When the AfDB’s board approved the Africa Integrity Fund it said it would be funded with $55.25mn collected from companies that had settled alleged corruption or misconduct cases with it. The bank has the power to investigate such allegations on projects to which it has lent money.
The fund would disburse grants to African enforcement agencies, tax authorities, educational institutions and civil society groups involved in fighting corruption, it said.
“We are confident that the AIF will become a model for others,” Anna Bossman, then director of the bank’s integrity and anti-corruption department, said at the time.
The AfDB confirmed to the Financial Times that the integrity fund had never been put into operation and that no grants had been made. “The Africa Integrity Fund was not operationalised to mitigate risks regarding conflict of interest, transparency and due process which were identified during the process of implementation,” it said.
It had decided that the funds should be managed by an external body, it added, to prevent commingling of funds with bank resources.
“Management has identified an independent institution to deploy the funds. The proposal to formally close the Africa Integrity Fund (which requires a board resolution) and appoint the independent institution will shortly be submitted to the board of directors for approval,” it said, without specifying the institution.
The AfDB did not explain why it had taken seven years to seek alternative arrangements, but said it had followed “customary and prudent” procedures for the implementation of any new initiative.
The $55.25mn had been kept in a separate, interest-bearing account and was now worth $57.03mn, it said. The fund was “intact 100 per cent”, a senior executive at the bank said.
The money to establish the fund came from international companies investigated by the bank. One substantial penalty was paid by Hitachi in 2015 after a probe into what the AfDB called “sanctionable practices” in pursuing a power plant contract in South Africa, though the exact sum has not been made public.
Hitachi settled with the AfDB on the basis that part of the fine would be used to combat corruption in Africa. The bank said it had “not breached the terms of any settlement”.
When the fund was launched, the AfDB said it provided a framework through which “financial penalties resulting from the bank’s sanctions regime are reinvested into anti-corruption measures”.
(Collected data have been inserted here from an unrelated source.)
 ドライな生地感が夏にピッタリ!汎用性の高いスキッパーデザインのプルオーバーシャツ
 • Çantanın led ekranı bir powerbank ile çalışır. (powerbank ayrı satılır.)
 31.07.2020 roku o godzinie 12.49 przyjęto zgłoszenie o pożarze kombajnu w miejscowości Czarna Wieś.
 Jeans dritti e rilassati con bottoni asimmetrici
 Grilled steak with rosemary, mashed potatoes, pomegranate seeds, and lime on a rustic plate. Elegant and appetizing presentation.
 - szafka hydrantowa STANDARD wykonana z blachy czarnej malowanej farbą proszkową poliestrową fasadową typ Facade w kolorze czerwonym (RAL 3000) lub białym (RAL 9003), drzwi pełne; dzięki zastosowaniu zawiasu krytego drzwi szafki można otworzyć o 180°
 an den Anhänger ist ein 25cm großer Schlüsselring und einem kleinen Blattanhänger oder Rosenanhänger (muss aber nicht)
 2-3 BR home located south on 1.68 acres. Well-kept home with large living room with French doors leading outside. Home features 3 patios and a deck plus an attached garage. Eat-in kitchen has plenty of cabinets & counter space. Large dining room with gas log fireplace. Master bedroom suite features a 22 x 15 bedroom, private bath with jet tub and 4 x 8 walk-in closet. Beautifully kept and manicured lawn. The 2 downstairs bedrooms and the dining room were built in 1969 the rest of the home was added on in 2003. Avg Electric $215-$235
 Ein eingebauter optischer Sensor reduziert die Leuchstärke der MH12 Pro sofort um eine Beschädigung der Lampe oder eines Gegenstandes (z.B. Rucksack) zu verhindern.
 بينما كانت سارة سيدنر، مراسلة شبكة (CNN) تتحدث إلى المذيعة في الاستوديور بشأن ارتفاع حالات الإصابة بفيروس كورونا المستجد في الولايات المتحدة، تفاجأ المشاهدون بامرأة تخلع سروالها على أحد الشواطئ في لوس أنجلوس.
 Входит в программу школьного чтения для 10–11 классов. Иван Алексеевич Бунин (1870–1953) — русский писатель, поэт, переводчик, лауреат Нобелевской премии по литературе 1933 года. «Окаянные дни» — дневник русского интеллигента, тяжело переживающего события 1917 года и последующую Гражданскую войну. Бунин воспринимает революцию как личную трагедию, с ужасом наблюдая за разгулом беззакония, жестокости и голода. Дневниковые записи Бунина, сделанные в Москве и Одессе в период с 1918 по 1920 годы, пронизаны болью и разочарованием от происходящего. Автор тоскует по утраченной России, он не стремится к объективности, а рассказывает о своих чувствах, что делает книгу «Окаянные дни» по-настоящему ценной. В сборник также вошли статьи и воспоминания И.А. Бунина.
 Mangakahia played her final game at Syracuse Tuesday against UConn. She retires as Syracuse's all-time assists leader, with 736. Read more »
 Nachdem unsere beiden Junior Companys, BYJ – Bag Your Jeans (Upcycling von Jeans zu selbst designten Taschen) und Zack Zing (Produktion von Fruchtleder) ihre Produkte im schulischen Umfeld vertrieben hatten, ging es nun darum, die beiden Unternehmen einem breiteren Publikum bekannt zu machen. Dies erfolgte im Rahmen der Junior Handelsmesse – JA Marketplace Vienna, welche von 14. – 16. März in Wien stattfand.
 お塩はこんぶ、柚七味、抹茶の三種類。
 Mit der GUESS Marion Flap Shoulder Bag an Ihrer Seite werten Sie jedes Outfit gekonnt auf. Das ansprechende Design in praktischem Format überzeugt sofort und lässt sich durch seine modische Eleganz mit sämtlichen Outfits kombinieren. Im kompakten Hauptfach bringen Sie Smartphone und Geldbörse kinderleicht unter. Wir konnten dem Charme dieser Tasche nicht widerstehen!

But some bank officials, including Akinwumi Adesina, the president, have had second thoughts about using fines — what one person referred to as “fruit from the poison tree” — to fight corruption, according to one current and one former AfDB executive.
The integrity fund was an “innovative instrument”, the bank said, but after board approval, “aspects of its practical implementation raised some serious concerns”.
Organisations applying for grants from the fund said they had never been told it had been mothballed.
The Pavocat Stellenbosch Academy, a South African based organisation with a counter-corruption mandate, applied for a grant this year. “We were aware of the fund and the conditions of the fund when it was set up in 2016 because we can read,” said James Stuart, co-founder of Pavocat. “And what we got is: ‘Well we haven’t operationalised the account.’ We didn’t get an explanation of why not.”
Several former AfDB officials recall that internal questioning of the integrity fund in the years after board approval received short shrift.
The bank’s governance was publicly questioned in 2020 when whistleblowers accused Adesina of ignoring bank procedures and appointing friends, including fellow Nigerians.
Steven Mnuchin, then US Treasury secretary, expressed “deep reservations” about an internal inquiry into the allegations and pushed for an independent probe.
In July 2020, an external panel chaired by Mary Robinson, former president of Ireland, cleared Adesina of misconduct. He was unanimously re-elected to a new five-year term in August 2020.